Pakistan's debt and liabilities rose to nearly Rs 31 trillion at the end of September. (Representational)
Cash-strapped Pakistan's quest for a $8 billion bailout package from the International Monetary Fund (IMF) by January 15 might not be successful as the global lender wants the government to adopt tougher measures to address the external sector imbalances before sending the country's case to its Executive Board, a media report said today.
The Express Tribune, quoting sources in the ministry of finance, said the two sides made their first contact on Thursday for the first time since November 20 when they concluded their first round of talks for the bailout package.
Finance Minister Asad Umar and the IMF's Washington-based mission chief Harald Finger made contact through a video link, the report said. The two sides discussed the developments that took place during three weeks.
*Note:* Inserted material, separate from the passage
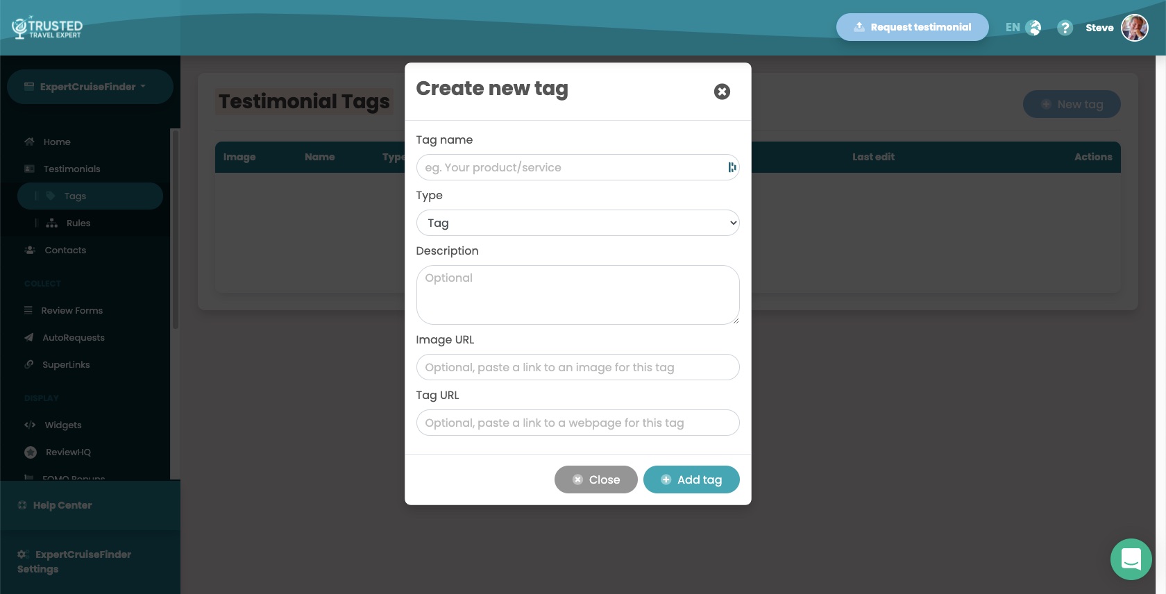 To get started, head to the testimonial tags page.

Talks between Pakistan and the IMF remained inconclusive last month after both sides could not bridge the gulf on issues like the increase in electricity prices, hike in interest rate, rupee devaluation and tax collection targets.
At that time, Pakistani officials had claimed that the staff-level agreement could be reached before Christmas holidays and Pakistan could request the IMF to send its case to the next board meeting, tentatively scheduled for January 15, the report said.
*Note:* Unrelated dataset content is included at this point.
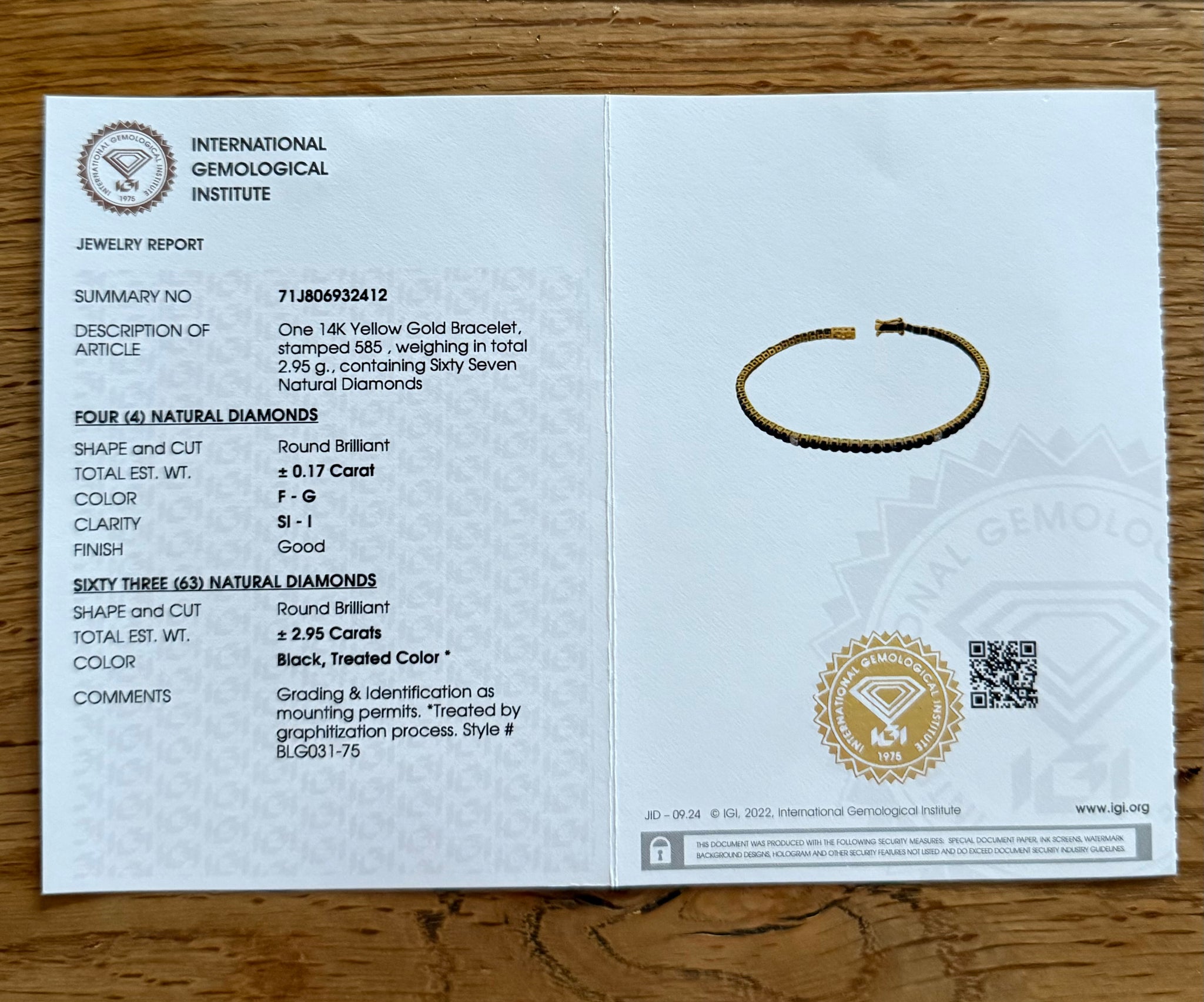 Adorned with 63 black (color treated) diamonds and 4 colorless diamonds, totaling 3,12 carats.

Both the sides showed flexibility and talks on Thursday were held in a more conducive environment than last month, said a senior official of the ministry.
The finance minister informed the IMF mission head about developments on exchange rate and monetary policy.
Sources said the IMF welcomed both the developments but urged Pakistan to continue these necessary actions to address the external sector imbalances. The IMF wanted further adjustments in the exchange rate and monetary policy, said sources.
During the video conference, the two sides also discussed the issue of the increase in the electricity prices that remain unimplemented, the report said.
The IMF was demanding 22 per cent further increase in electricity prices to address the issue of the circular debt, the report said.
Meanwhile, Pakistan's debt and liabilities rose to nearly Rs 31 trillion at the end of September 2018 with an addition of Rs 984 billion in just three months, another report in the same newspaper said.
The increase comes amid concerns over a rapid rise in the debt burden in coming months owing to currency depreciation and interest rate hike.
One of the key reasons behind the higher debt was the increase in interest rate and depreciation of the rupee during July-September 2018, the report said.
Pakistan has received an aid package of USD 6 billion from Saudi Arabia and an assurance of financial help from China, both close allies, to tide over the immediate cash crunch.